- Problem to work on:
Without copying any picture, return all lines below exactly.
━━ Recorded data
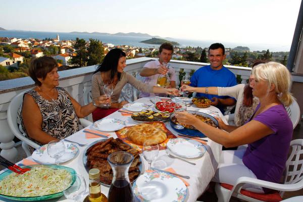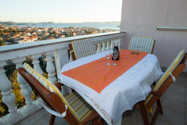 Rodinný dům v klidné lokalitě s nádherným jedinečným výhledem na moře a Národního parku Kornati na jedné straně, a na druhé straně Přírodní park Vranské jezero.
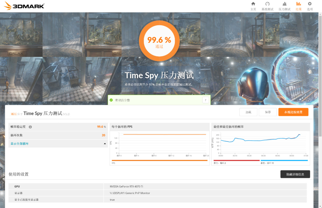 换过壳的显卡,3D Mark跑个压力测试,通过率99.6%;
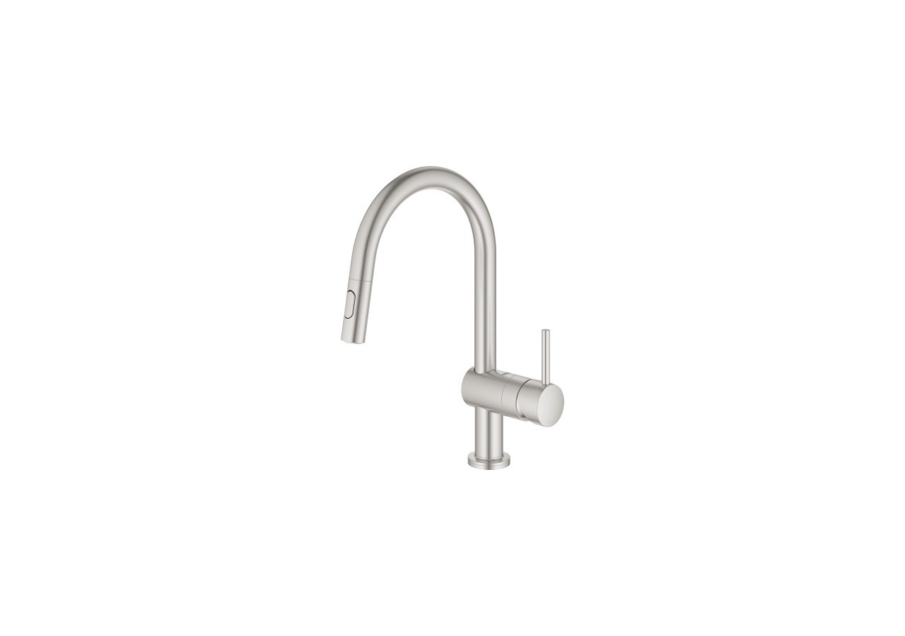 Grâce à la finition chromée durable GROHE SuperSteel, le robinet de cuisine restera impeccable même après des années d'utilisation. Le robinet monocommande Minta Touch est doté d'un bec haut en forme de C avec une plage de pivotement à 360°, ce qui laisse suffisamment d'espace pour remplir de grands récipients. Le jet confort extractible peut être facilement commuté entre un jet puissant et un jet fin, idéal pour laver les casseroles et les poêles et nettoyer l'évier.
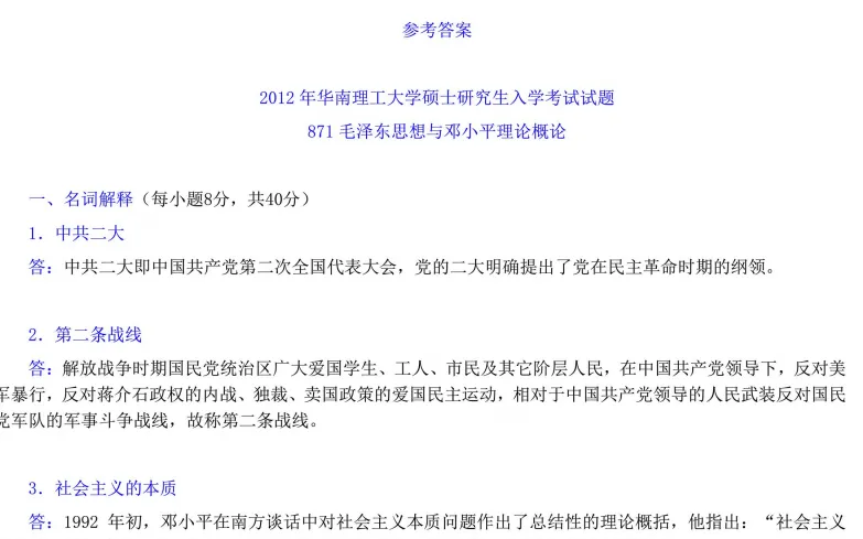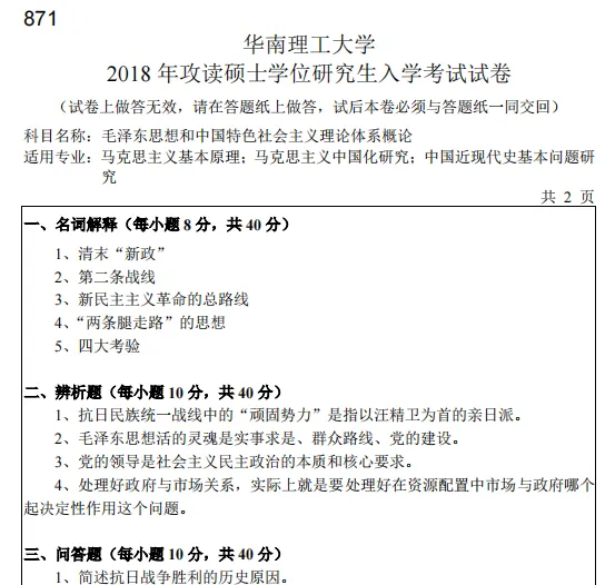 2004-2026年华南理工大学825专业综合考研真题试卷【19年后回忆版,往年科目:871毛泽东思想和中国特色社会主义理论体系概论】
━━━━
- Exercise response:
 Rodinný dům v klidné lokalitě s nádherným jedinečným výhledem na moře a Národního parku Kornati na jedné straně, a na druhé straně Přírodní park Vranské jezero.
 换过壳的显卡,3D Mark跑个压力测试,通过率99.6%;
 Grâce à la finition chromée durable GROHE SuperSteel, le robinet de cuisine restera impeccable même après des années d'utilisation. Le robinet monocommande Minta Touch est doté d'un bec haut en forme de C avec une plage de pivotement à 360°, ce qui laisse suffisamment d'espace pour remplir de grands récipients. Le jet confort extractible peut être facilement commuté entre un jet puissant et un jet fin, idéal pour laver les casseroles et les poêles et nettoyer l'évier.
 2004-2026年华南理工大学825专业综合考研真题试卷【19年后回忆版,往年科目:871毛泽东思想和中国特色社会主义理论体系概论】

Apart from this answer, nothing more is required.